В Англии, как я слыхала, неженатых молодых людей из хороших семей хоть пруд пруди. По крайней мере, об этом мне писал мой троюродный брат, которого тоже звали Джон. Он пообещал, что его сын, Алджернон, познакомит мою дочь со своими друзьями. Мы с супругом, подумав, решили, что благословение на брак может дать и Джимми – ведь не обязательно ждать ответа с другой стороны Атлантики.
Конечно, нас встревожили сообщения газет о том, что на Балтике начались боевые действия. Джонни даже купил атлас, и оказалось, что Балтика достаточно далека от Англии. Так что мы немного успокоились. И когда у нас в газетах написали про победу русских над англичанами, мы даже обрадовались – пусть у нас с Джонни предки и из Англии, но мы не забыли ни войны за нашу независимость от их тирана, ни двенадцатый год, когда они сожгли Вашингтон, ни недавние страсти с нашим Орегоном[12], от которого они сумели оттяпать половину.
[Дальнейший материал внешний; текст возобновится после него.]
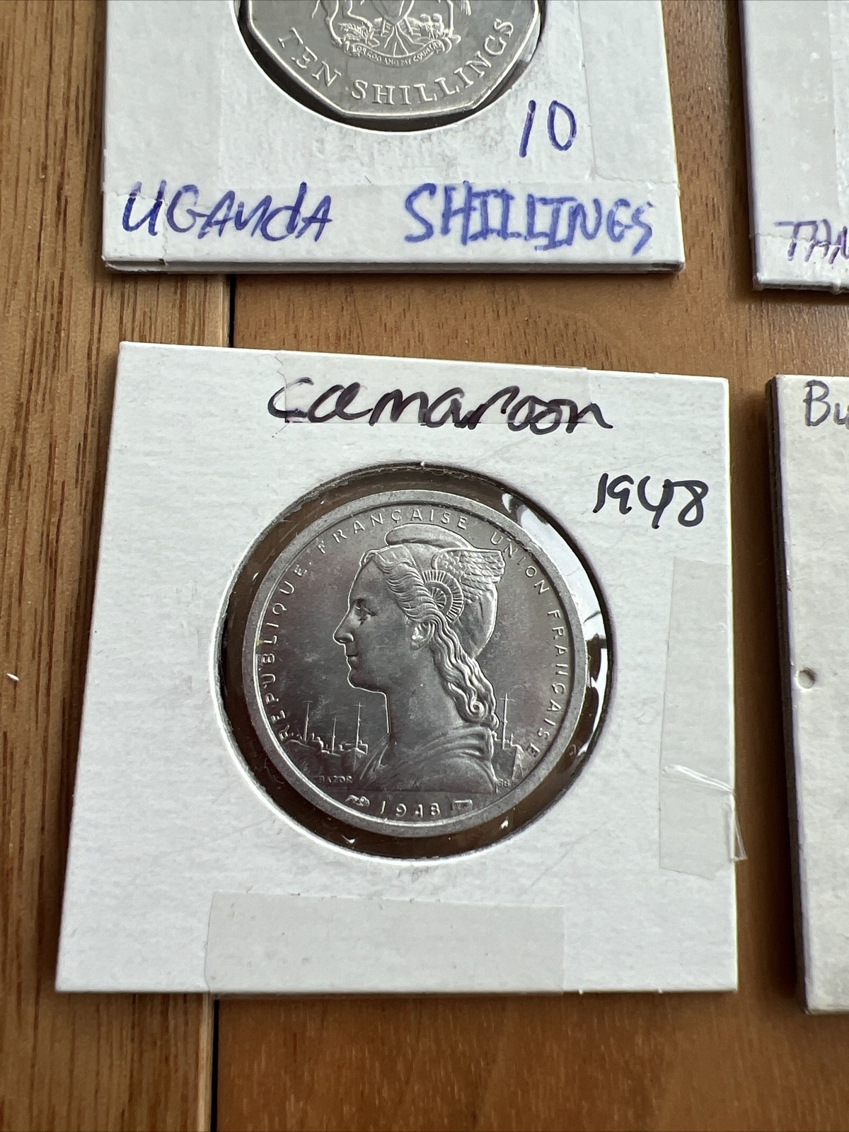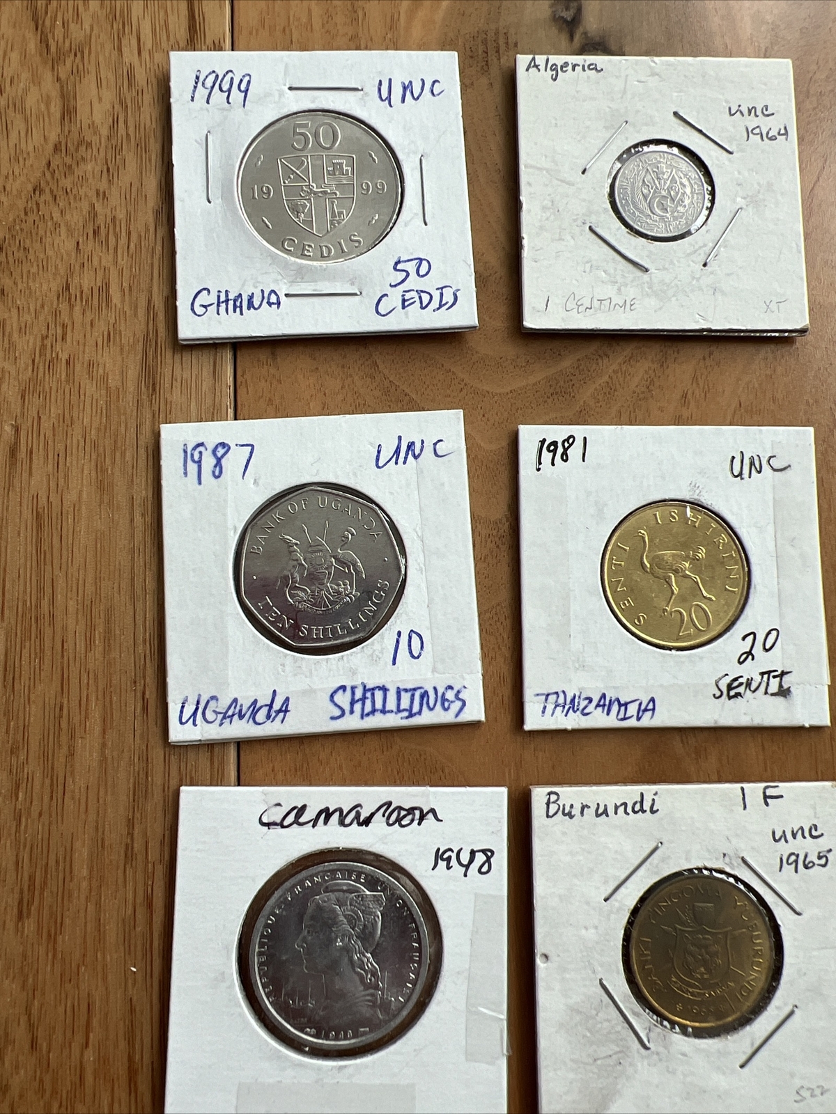 Description: You will receive the exact coins pictured. This is a very nice lot of brilliant uncirculated coins from Africa Ghana 1999, Algeria 1964, Uganda 1987, Tanzania 1981, Cameroon 1948, Burundi 1965. The coins are in very nice condition as shown in the pictures.
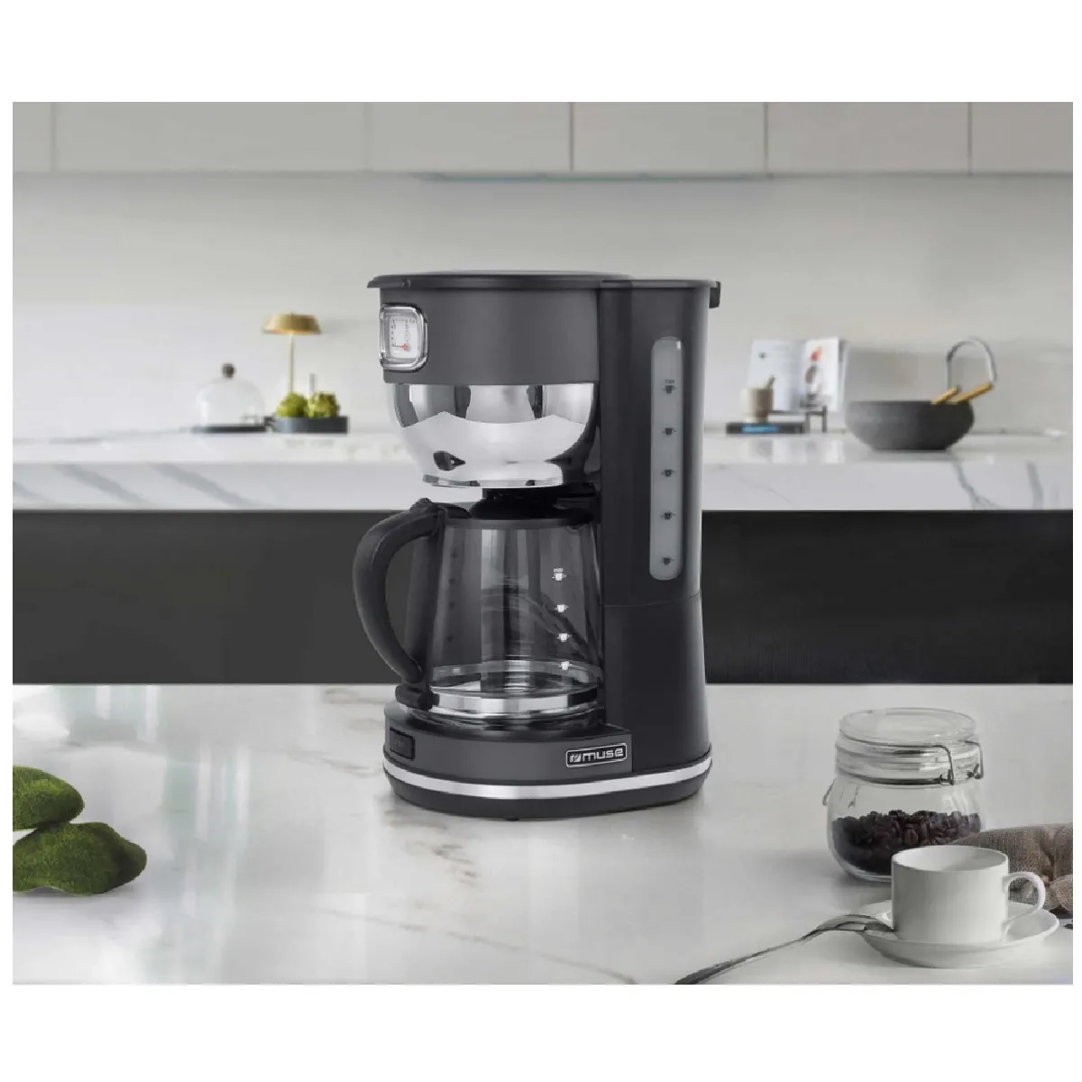 Le filtre s'insère dans un portefiltre amovible, ce qui facilite le rinçage et prévient l'accumulation de dépôts. La verseuse en verre pour une visibilité immédiate aide à doser les quantités, et le service sans coulure grâce à l'antigoutte maintient la zone propre. Le bouton On/Off lumineux confirme d'un regard l'état de fonctionnement, utile dans les cuisines animées. L'absence d'écran rend la navigation intuitive et réduit les manipulations superflues.
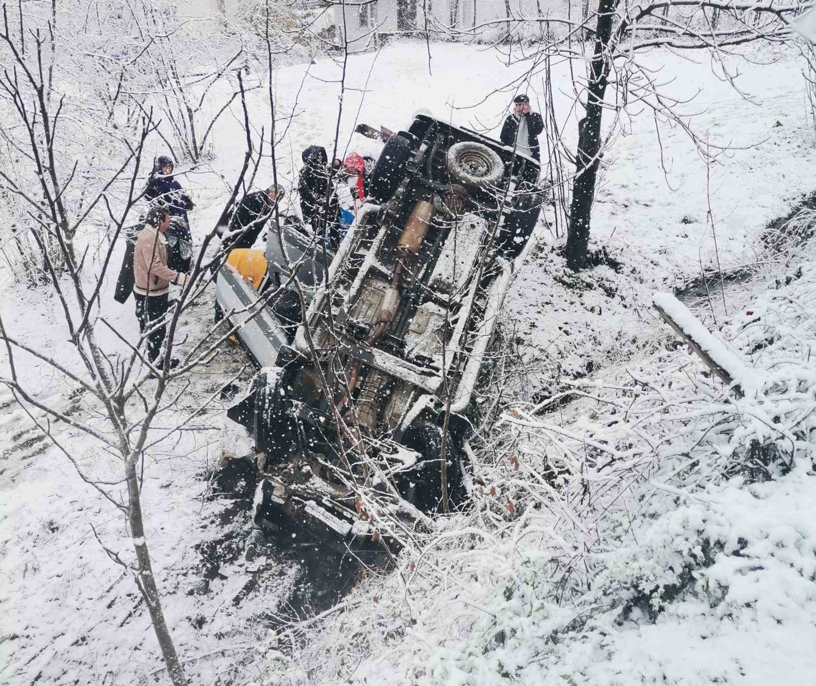Ordu’nun Ünye ilçesinde etkili olan kar yağışından dolayı kontrolden çıkan kamyonet fındık bahçesine yuvarlanırken, kazada sürücü ve yanında bulunan eşi yaralandı.
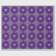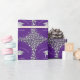 This modern design features a graduation hat and confetti in silver on a background of purple with white text.
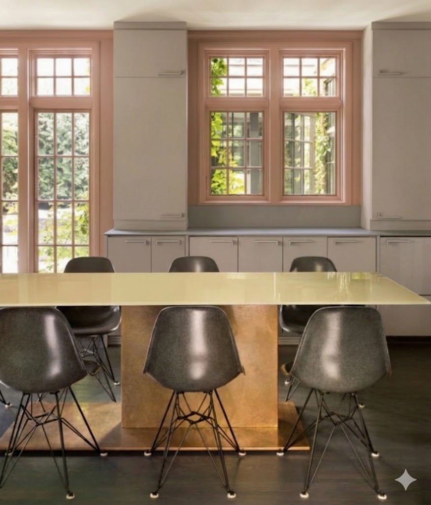 change table to oval shape with white oak and medium brown stain change chairs to dark grey upholstery with upholstered legs
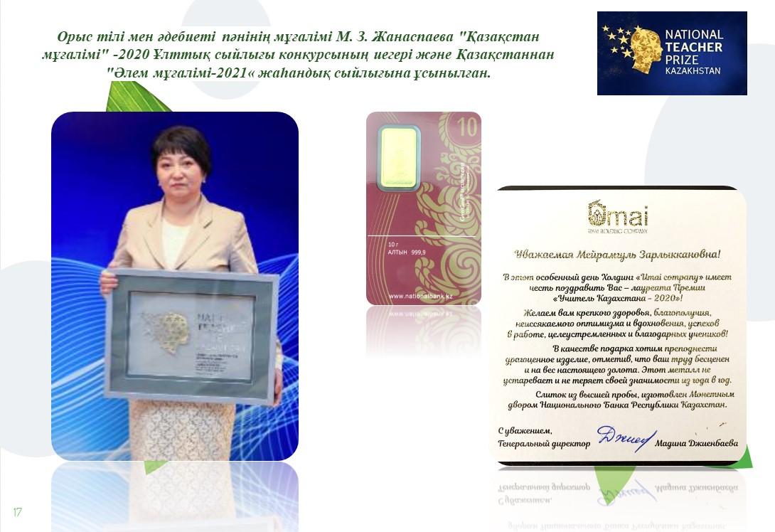 Именно влияние личности учителя, его социально значимая роль в различных аспектах жизни учеников лежат в основе оценивания конкурса Национальной премии «Учитель Казахстана» -2020. Учитель русского языка и литературы Жанаспаева М.З. стала лауреатом данной премии, награждена денежным призом и золотым слитком. Учитель номинирована от Казахстана на Глобальную премию «Учитель Мира -2021». Она представила на конкурс экологическую и волонтерскую деятельность как одно из направлений ее опыта работы в школе.

А пятнадцатого сентября нам пришло письмо от моего кузена, в котором он сообщил нам, что Алджи, Джимми и Мейбел ушли в море на яхте некоего Альфреда Черчилля. Они решили отправиться на Балтику, и, по рассказам очевидцев, их яхта была уничтожена во время боев при какой-то крепости с варварским русским названием Bomarsund. Яхтсмены, которые предпочли держаться подальше от места, где велись боевые действия, разглядели в подзорные трубы, что русские выудили кого-то из воды. Но что с ними стало потом, неизвестно. Мы даже представить себе не могли, что русские сделают с нашими детьми, попадись Джимми и Мейбел к этим извергам в руки. Ведь они, как нам написал кузен, азиаты, и им не свойственны такие чувства, как сострадание к ближнему или бескорыстие.
Я потребовала, чтобы муж отпустил меня в Россию. Мне почему-то показалось, что именно я сумею вытащить наших детей из русских застенков, если они, конечно, живы. Он чуть подумал и сказал:
– Хорошо. Только с одним условием – мы едем в Россию вместе.
Мы попросили моего папу позаботиться о нашем имении и наших младшеньких. Хлопот, как мы прикинули, у него будет немного – наш управляющий, Леонард, вполне со всем справится, даром что невольник.
Семнадцатого числа мы с Джоном отчалили на грузовом судне из Саванны. Второго октября мы уже были в Ливерпуле, откуда поехали ночным поездом в Лондон. Кстати, несмотря на то что мы ехали в первом классе, кто-то украл портмоне мужа и мой ридикюль, но нам повезло – деньги, которые мы везли для выкупа наших детей, были предусмотрительно зашиты в мой корсет…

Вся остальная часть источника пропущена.